On this page, you will be asked whether you want to add any preprocessing steps to images in your dataset or generate augmented images. By default, a few preprocessing steps will appear on the page. We recommend leaving these steps as they are unless you need to apply other preprocessing steps. The two defaults -- auto-orient and resizing images -- boost model performance.

Our image augmentation feature lets you generate new images using existing images in your dataset. Each augmented image will have at least one of the specified augmentations you choose in the dashboard. These augmentations range from flipping the image to applying a blur.
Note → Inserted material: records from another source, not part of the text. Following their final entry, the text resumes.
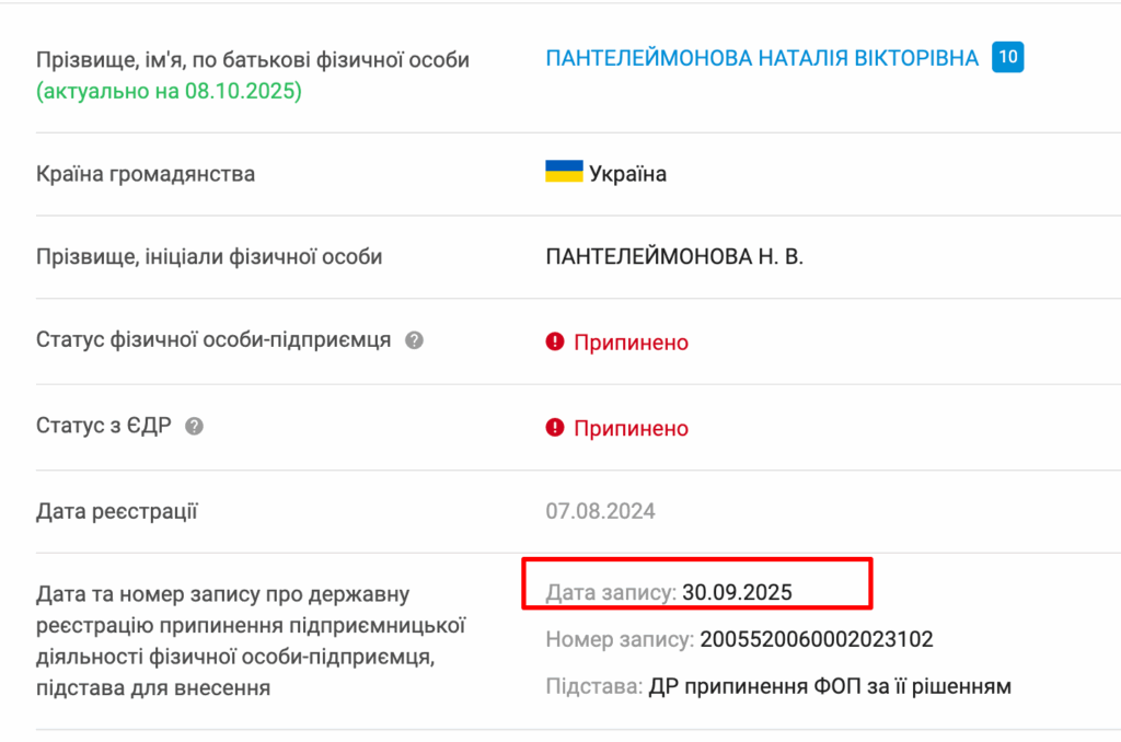 Цікаво, що пропрацювати підприємиця встигла трохи більше ніж рік. Зареєструвалася у серпні 2024 року, отримала підряд на вивезення сміття у жовтні 2024 року, потім отримала другий підряд у травні 2025 року і припинила свою діяльність у вересні.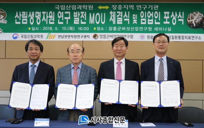 ÀåÈﱺ¹ö¼¸»ê¾÷¿¬±¸¿ø ¼¼¹Ì³ª½Ç¿¡¼ ¿¸° À̳¯ Çù¾à½Ä¿¡´Â ±¹¸³»ê¸²°úÇпø ÀÌâÀç ¿øÀå, ¹ÚÇö »ê¸²»ý¸íÀÚ¿ø¿¬±¸ºÎÀå, ±è¼¼Çö »ê¸²¼ÒµæÀÚ¿ø¿¬±¸°úÀå, ±è¸¸Á¶ »ê¸²¾à¿ëÀÚ¿ø¿¬±¸¼ÒÀå°ú Á¦ÇؽŠÀåÈﱺ¹ö¼¸»ç¾÷¿¬±¸¿øÀå, ¼º¶ô¼± õ¿¬ÀÚ¿ø¿¬±¸¼¾ÅÍÀå, ¼º°°æ ÀåÈïÅëÇÕÀÇ·áÇѹ溴¿øÀå µî °ü°èÀÚ 50¿©¸íÀÌ Âü¼®Çß´Ù.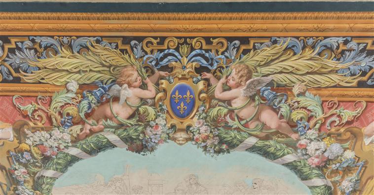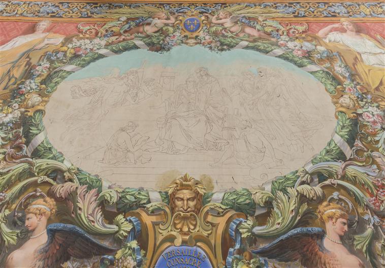 scène historique (fondation : musée, Versailles, allégorie : les arts, figure : architecture, figure : musique)

By adding augmented images, you can help your model more effectively learn features in your dataset, thereby boosting performance. Check out our documentation on image augmentation for guidance on generating augmentations. (Note: Adding more augmentations is not always preferable. You should add augmentations that are appropriate for your data.)

When you are ready, click “Generate”. This will create a new snapshot of your dataset. This may take a few moments depending on how large your dataset is.

After your new dataset is ready, export your data from Roboflow. In the “Custom Train & Deploy” section of the dataset version page, select the model you are going to use in training. You will only see the models that fit your project type.

Copy the code snippet provided and use it to download your data for use in your training scripts. We have a repository of over 20 notebooks on GitHub that walk through training computer vision models using common architectures. Check out the guide associated with the model architecture you are using for reference material on how to work with the Roboflow API in your training process.

Step 3: Upload Model Weights

Once you have a trained model, you can upload it using the following code:

project.version(DATASET_VERSION).deploy(model_type=MODEL_TYPE, model_path=f”{HOME}/runs/detect/train/”)

Substitute the following values:

  • DATASET_VERSION: The version number associated with your dataset (accessible on the version page in the Roboflow dashboard.
  • MODEL_TYPE: The ID associated with the model that you have trained. Valid IDs are available in the validFormats object on our documentation page for platform actions.
  • HOME: The directory where your project files are.

If you are not using a Roboflow Notebook, use this long-form snippet:

from roboflow import Roboflow

rf = Roboflow(api_key="API_KEY")
project = rf.workspace().project("PROJECT_ID")
project.version(DATASET_VERSION).deploy(model_type=”yolov8”, model_path=f”{HOME}/runs/detect/train/”)

After you run this code, your weights will be uploaded to Roboflow. It may take a few moments before your weights are uploaded, processed, and ready for use. The Roboflow dashboard will say that there is a trained model available when your weights have been processed. A “model type” label will appear showing the type of model weights you uploaded:

Test Your Model

You can test your model in your browser. Navigate to the “Deploy” tab in the Roboflow dashboard. In this tab, you can test your model by uploading images and videos, using images from your test set, pasting in URLs to images and YouTube videos, or by using your webcam:

When you are ready to deploy your model, check out our model deployment documentation. Here is our documentation for object detection deployment:

Note: We only support using our Hosted API for classification and segmentation models.

We have a vast repository of detailed tutorials on deployment on this blog, too.


In this guide, we have walked through how to upload your own model weights to the Roboflow platform. Using this feature, you can train custom models on your own infrastructure with a custom setup and upload them to Roboflow when you are ready to deploy your model.

Deploying on Roboflow means you can worry less about managing infrastructure and focus more on connecting your model to business logic. Roboflow provides an infinitely-scalable API for use in running inference and a range of SDKs and tutorials that guide you through using your hosted model in production.